Hotsos 2010 - Day 4

Doug's Oracle Blog

  • Home
  • Papers
  • Books
  • C.V.
  • Fun
  • Oracle Blog
  • Personal Blog

Mar 11: Hotsos 2010 - Day 4

First up was Cary Millsap's - Lessons Learned, Version 2010.03 As Cary pointed out, they always try to put the best speakers in the toughest slots - 8:30 in the morning post-party. I think local guys are slightly more reliable too because they might have actually gone home the night before! He started with a quick Hangover Survey (me - check!) and then pressed on talking about how we test system performance.

He showed a video of Boeing stress-testing the wing of the 787 and, as he pointed out, aircraft manufacturers really know how to stress-test! (Of course whether that reassures you as it does me, or makes you wish no-one would talk about wings disintegrating, as it probably would Mads, is personal.) They showed Boeing test equpiment which is complicated, expensive and non-revenue generating. Those tests are expensive but when people's lives are on the line, what choice is there? Boeing knows that it has to test the analytic models used in the design. He spent a lot of time talking about good test design. A few thoughts that stood out to me ...

- Some stress tests are a waste of time. Will the Boeing 787 land on the moon? If this test fails, what has it proven? If it passes, then it's awesome but it would be a very expensive way to prove it can cope with commercial flights in Earth's atmosphere.

- Why test for more than you will see in Production? Because you don't really know for sure what you'll see in Production.

- At some point, but I can't remember the context, he used a Scottish phrase that he'd heard Billy Connolly shout (although the Big Yin was only fully credited later in the day) ...

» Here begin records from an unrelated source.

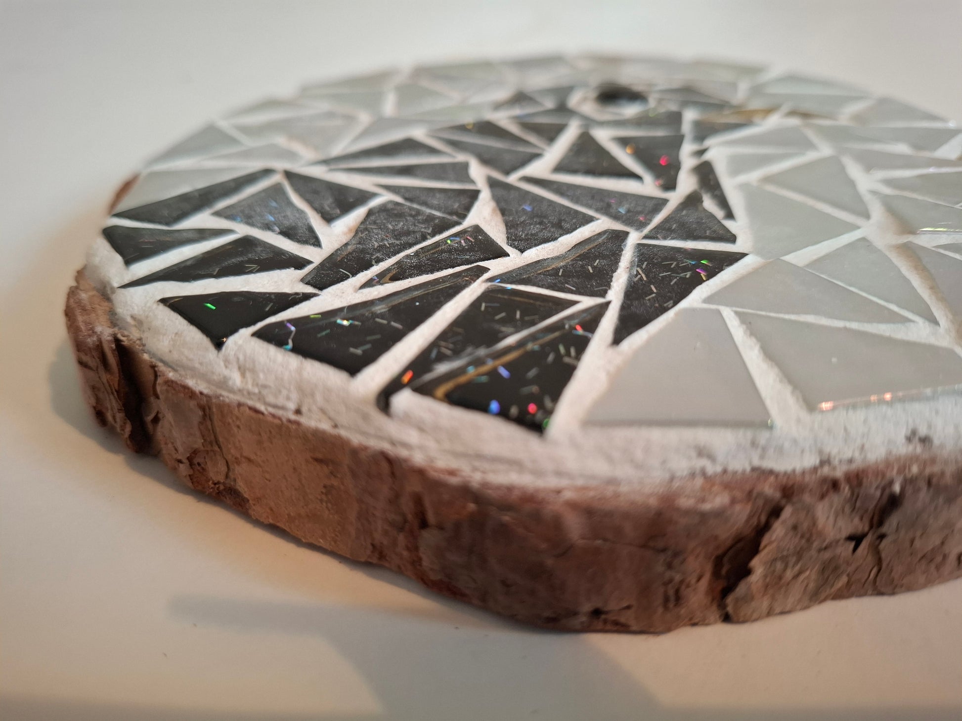 I am drawn to mosaic art through my appreciation of imperfection and uniqueness; something beautiful is created from broken pieces. This resonates because of my personal recovery from neurosurgery to remove a brain tumour, rebuilding my life and my health with a different version of me.
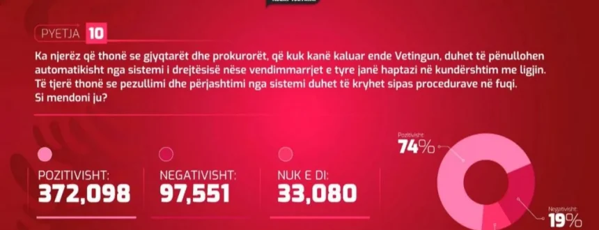Pyetja 10: Ka njerëz që thonë se gjyqtarët dhe prokurorët që nuk kanë kaluar ende Vetingun, duhet të pezullohen automatikisht nga sistemi i drejtësisë nëse vendimmarrjet e tyre janë haptazi në kundërshtim me ligjin. Të tjerë thonë se pezullimi dhe përjashtimi nga sistemi duhet të kryhet sipas procedurave në fuqi. Si mendoni ju?
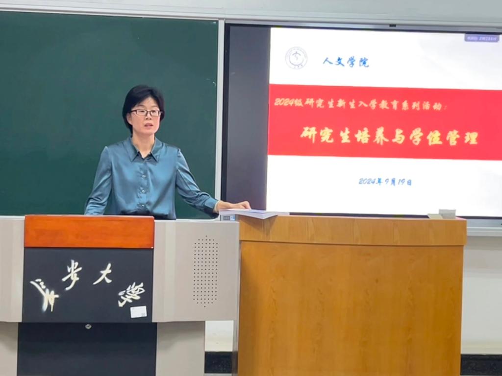 公司党委副书记胡锦玉讲授了2024级研究生新生开学第一课。她向2024级新生的到来表示热烈的欢迎,并强调同学们要仔细阅读《研究生手册》,严格遵循学习手册中的制度与管理办法。她对同学们提出了三点希望。一是以自身学业为中心,尽早达到毕业要求,对未来发展尽早规划、提前准备,瞄准目标,不要纠结于细微得失。二是遵守校规校级、宿舍管理制度、请假制度、学术诚信制度等各项管理制度,主动反映学业、就业、情感、家庭、心理等各类问题。三是营造良好的宿舍关系、师门关系、同学关系等人际关系,合理方式处理冲突,向先进学习,理解包容、勤于交流。

    "There's no such thing as bad weather, just the wrong clothes"

... looked over at me and said - "I'd love to hear you say that, with the proper accent". I declined politely.

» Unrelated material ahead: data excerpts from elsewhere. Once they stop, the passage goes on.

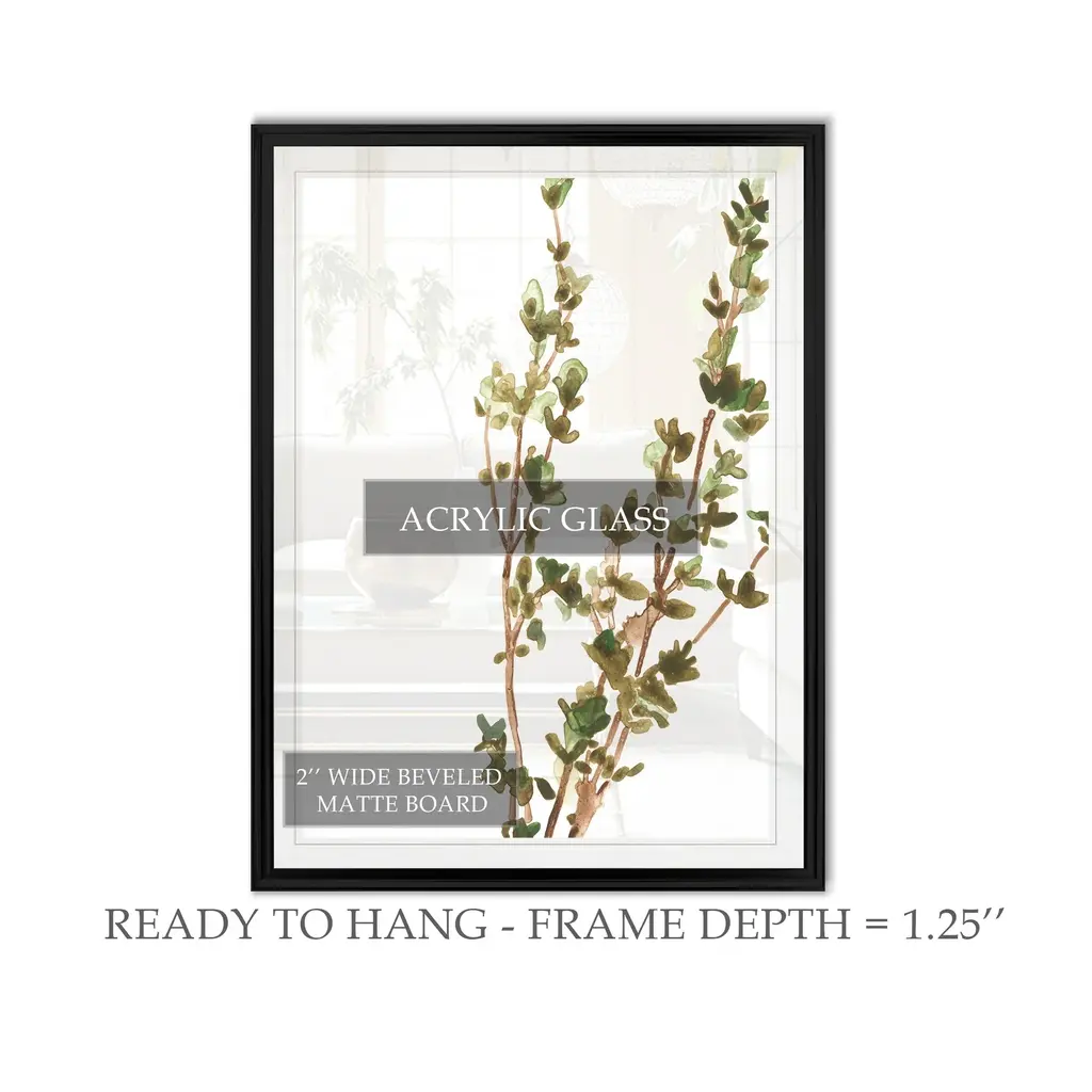Earthtone Herbs II -Custom Framed Print A premium custom framed giclee print Featuring a beveled a matt , acrylic glass, and a high quality giclee print BLACK FRAMED - 4 SIZES AVAILABLE - BLACK FRAMED 18''x24''- Overall Size 22''x30'' - Overall Size 26''x36''' - Overall Size 30''x42''' - Overall Size Each piece is made to order. Built to Last Each piece comes ready to hang Fade and Water resistant Made domestically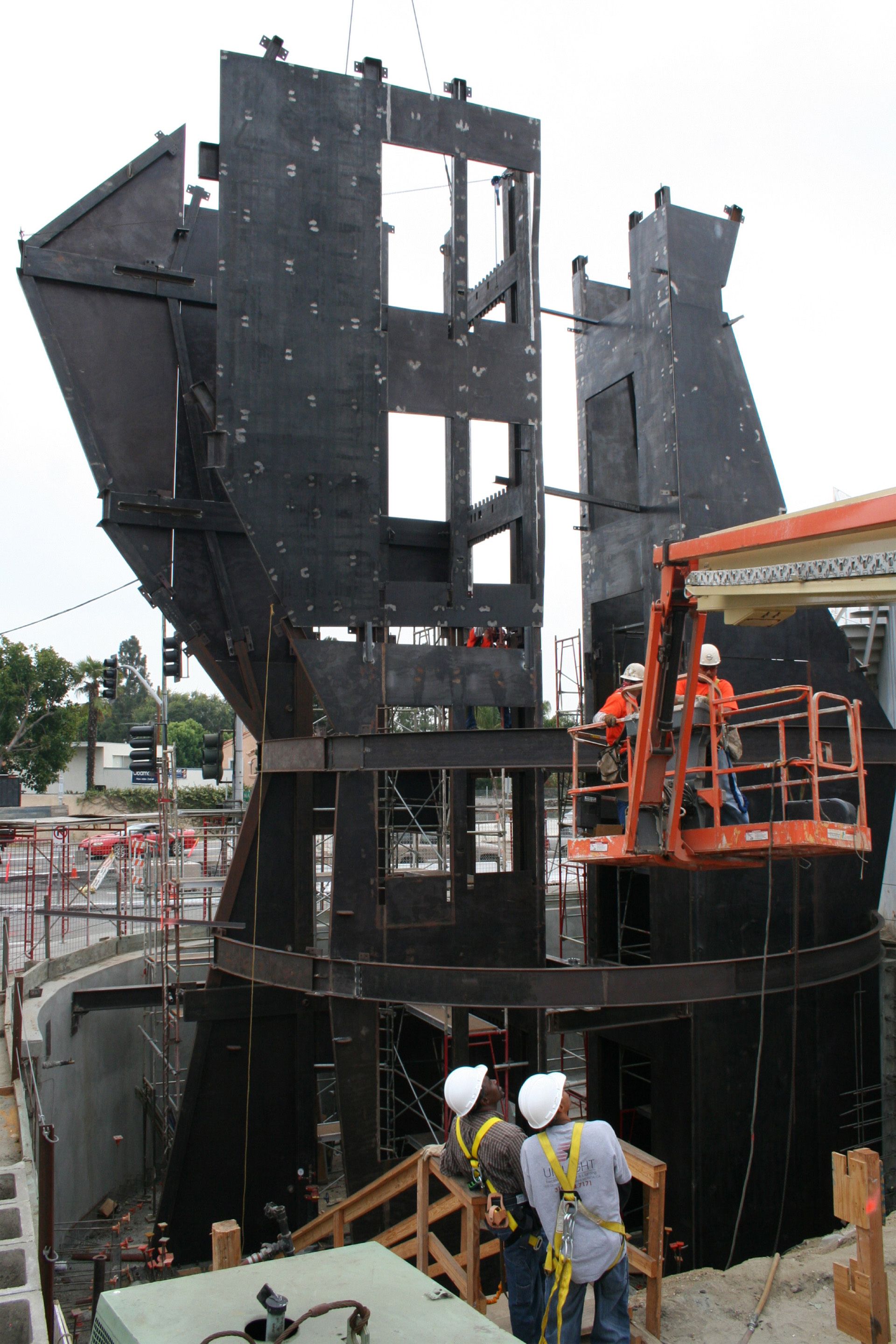 The Samitaur Tower in Culver City, California is an odd but attractive and iconic landmark designed by Eric Owen Moss Architects and located along routes of both intense automobile and train-based transportation. Standing at 72 feet in height, it peaks above surrounding buildings which must adhere to a strict 56 foot height limit, drawing attention to itself and the images it relays.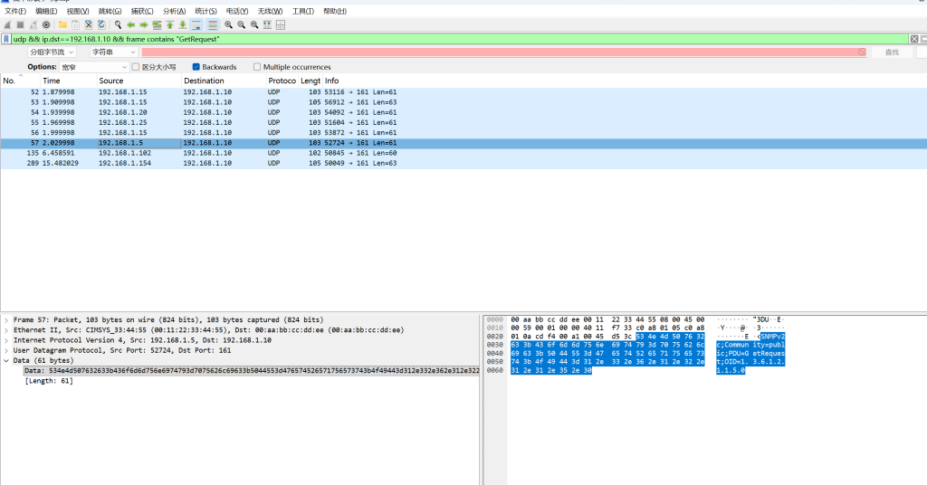 udp && ip.dst==192.168.1.10 && frame contains "GetRequest"

- Most people try to prove only that their systems will work.

- Most tests of systems that are destined to fail never proved it in advance.

- Test to destruction

    a) Test
    b) Until the system melts
    c) Decide whether your real requirements are likely to be lower or higher than melting point.

There was a small amount of time for questions and once it looked like they were done, I granted Cary's wish (never thought I'd say that), stuck my hand up and repeated The Big Yin's words. It was only after the laughter had stopped that I realised I might have ruined his big closing, but I think he was ok about it ;-)

Next was Tanel Poder talking about LGWR, log file sync waits and COMMIT performance and shock, horror, I was actually going to say that this was one of the least rewarding sessions of the week for me. What?!? Tanel? But he's, like, an Oracle God! LOL But there were reasons

- I realise that I know a *lot* about how log file sync and log file parallel write work, how they relate to each other and some of the problems they might help you identify. Because it's a subject I'm *so* familiar with, I didn't learn much.

- His main demo didn't quite show what he wanted it to because it didn't run multiple sessions but, frankly, I'm in no position to talk about demos this week!

By the end, the presentation turned out ok, not least because there was another unexpected appearance from Bob Sneed to talk about the I/O components involved in  redo log management including a suggestion that LGWR be put into a higher scheduling class (but not Real Time!) Updated later - make sure you read Bob and Kevin's comments below. I'll try to find a link to his slides and let you take a look yourself.

I loved Tanel's Big Log File Sync Tuning Secret, though ...

    COMMIT LESS!

It was particularly relevant to me because I had a Big Log File Sync Tuning Secret as the closing moment of my own presentation. The problem was I couldn't use it after the demos went wrong!

    USE ASYNCHRONOUS COMMITS

But, in my case, that was supposed to be funny, too.

I ran off to try and use the free breakfast voucher that Marco had given me but I was just too late. No food again, then :-( Well, I had a couple of slices of cold meat at lunchtime, but mainly to catch up with Alex G before he had to present and then head back to Ottawa. I managed to skip one session at this stage but, after a quick call home, I decided to go along to Alex's RAC Connection Management presentation after all (a little late). Although I have seen some of this stuff before, I always enjoy watching Alex's demos and was particularly impressed by the fact that he'd managed to write his own RAC connection load balancer! I was waiting for the applause in the room but either people didn't quite get it or there was just a lack of energy post-lunch on the last day. I suspect the latter.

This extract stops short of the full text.